I'm a mom first, too, so I understand what you are feeling in that respect. If it is an issue for you because of the boys, I would definitely put my foot down. If talking didn't work, given your situation, I might block the sites on the computer. I think some internet providers allow for that...maybe aol is one of them. If child porn is also involved, that would be non-negotiable for me. No way, no how, or remove the computers from the home if it can't be controlled any other way, minus a laptop that I would keep with me.

I have been thinking alot about what I could and couldn't take...ie what is my breaking point. I definitely know that my son's well-being will have to come first.

Good luck. I'm sorry....
Re: What is the right thing to do??????
February 25, 2007 04:19PM
I just have to add ONE thing.. if it is NOT child porn, then it is NOT illegal and there is no need to call the police.

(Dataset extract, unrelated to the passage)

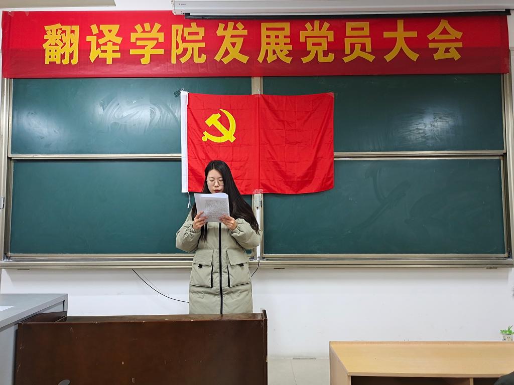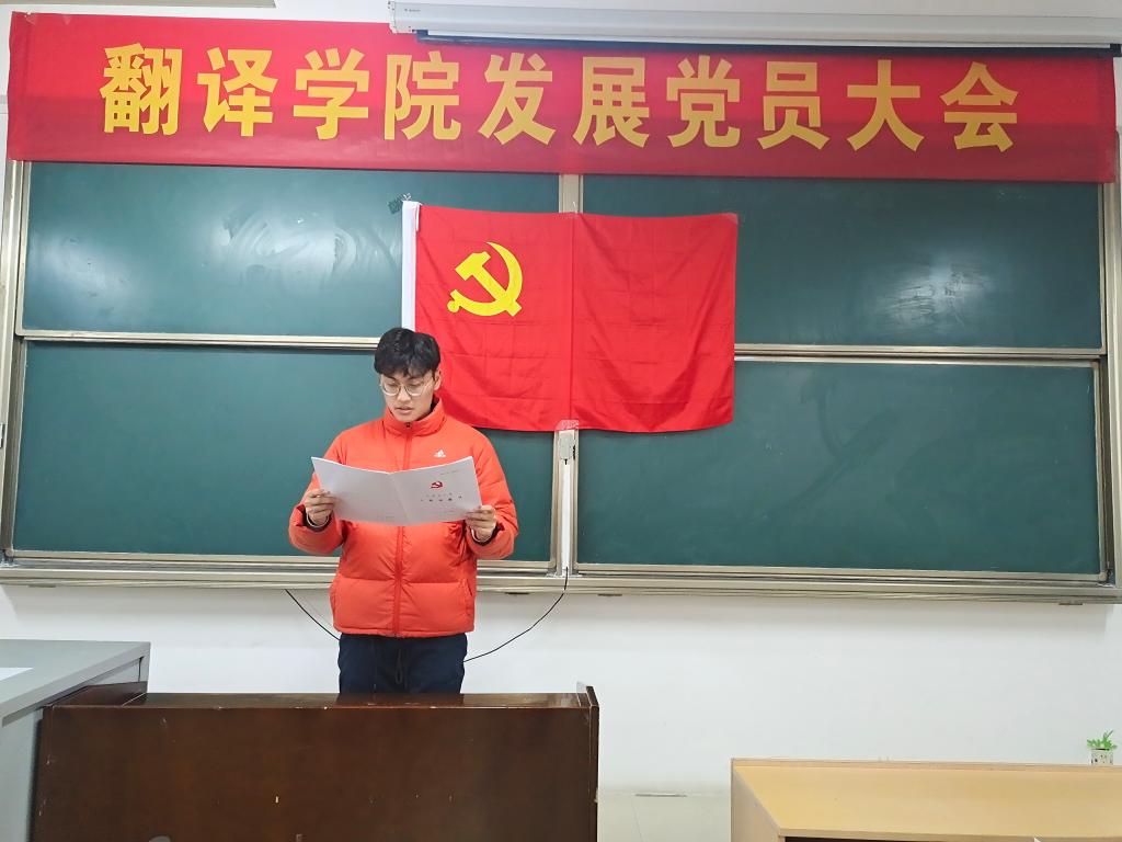 会议伊始,董家忠同志清点到会人数,介绍大会议程,宣布开会。按照组织发展党员程序,胡乔倪等35位发展对象依次宣读《中国共产党入党志愿书》,向大会汇报了自身对党的认识、入党动机和态度决心。入党介绍人依次宣读了对发展对象的介绍意见,到会党员也实事求是地发表了各自意见。王峰同志逐一向大会汇报发展对象的政审报告。

HOWEVER IF IT ISSSSSSSss child porn. I would talk to the Dr ASAP... tell his service it's an emergency and you MUST speak to him. If it IS child porn.. your children and their friends and neigbors are in danger. Even if he cannot perform physically, they are still in danger.. You have not stated if it IS child porn, so if it is NOT I appologize. If it is adult porn it's not illegal UNLESS it is a snuff film. Take care, Pat
Re: What is the right thing to do??????
February 25, 2007 05:07PM
Thanks to everyone for your posts. This forum inspires me everyday when i read the posts. Ya'll are a wonderful group of people. If i sounded harsh in some of my post i really did'nt mean too. I am a mother, wife and now caregiver with another broken heart, and i'm just trying to make a good life for my kids, and keep my promise to take care of him. smiling smiley
Re: What is the right thing to do??????
February 25, 2007 05:15PM
You didn't sound harsh...just thinking out loud and asking for input. Thats what we all do.
Re: What is the right thing to do??????
February 25, 2007 05:21PM
IF child porn. There should be NO TOLERANCE! Call the police!
Re: What is the right thing to do??????
February 25, 2007 06:07PM
sptexas, it's nice to meet you, wow, you've gotten some really good responses here, and lots of good advice. I just wanted you to know that wow, people care, its good that you shared, its good to be able to just talk sometimes, and yes your right, your kids are very very important in this.





Edited 6 time(s). Last edit at 02/27/2007 02:00AM by Barb.